Traveling to the Asia and specifically the country of Cambodia will enable the construction of a video and text based case study of tourism centered on the International Heritage Site of Angkor Wat. I am seeking funding to travel to Cambodia and complete the case study. Traveling to Angkor Wat and visually capturing images for students provides a context for the complex tourism issues associated with a World Heritage Site in an Asian country such as Cambodia. My sources of documentation will comprise observation and video recording, and discussion with tourism leaders and local leaders. In addition, I will analyze the destination image of this site as seen in global media outlets. This is an excellent site for a case study to learn of the contradictory mix of conservation and exploitation, scholarship and commerce, and preservation and development that may arise from tourism.
Lester Zeager (Department of Economics, Harriot College of Arts and Sciences)
I have taught ECON 3353 (Development Economics) at ECU for twenty-three years running…
Over 23 years a great deal has changed in the field of development economics, and the most spectacular changes have occurred in Asia… I have often wished that I could visit the region first-hand and develop relationships with Asian economists so that I could offer more vivid impressions of these developments to students.
Development economics covers a wide range of topics: poverty & inequality, environmental concerns, population, investments in education and health, international trade, agriculture, financial intermediation, foreign aid, institutions, and governance. My proposal involves
· Preparing materials (PowerPoint slides, short articles, and lecture examples) that illustrate five of these topics from Asian countries.

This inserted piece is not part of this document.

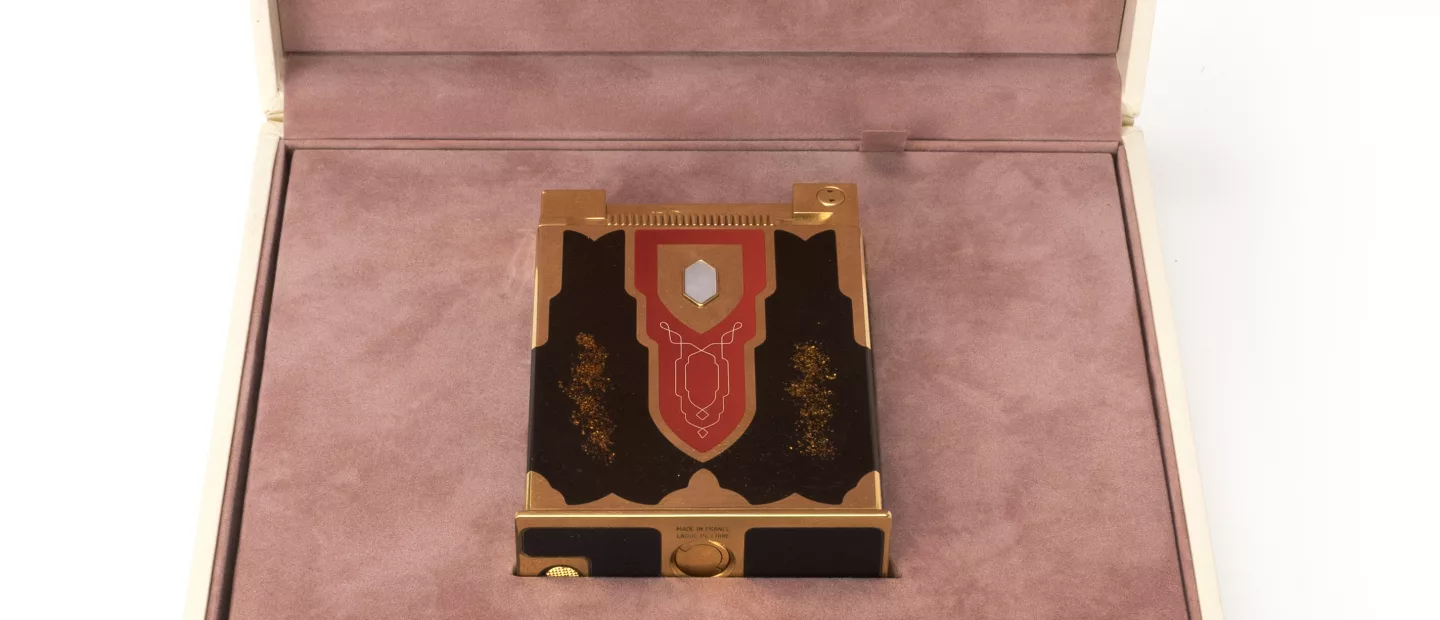 S.T. Dupont Jeroboam (Tisch-) Feuerzeug 'Maharadjah': S.T. Dupont, Frankreich, 1998, vergoldetes Metall, roter und schwarzer...

· Replacing my long popular, but now rather dated, supplemental text about sub-Saharan Africa with one that features lessons from Asian development experience.
· Supplementing the video clips in my lectures with ones from the Asian Development Bank
I am envisioning a total trip of approximately two weeks, with one week in Malaysia and another in Taiwan. In both countries, I would exchange ideas with Asian economists about the Asian development experience and gather materials for the changes to ECON 3353described above.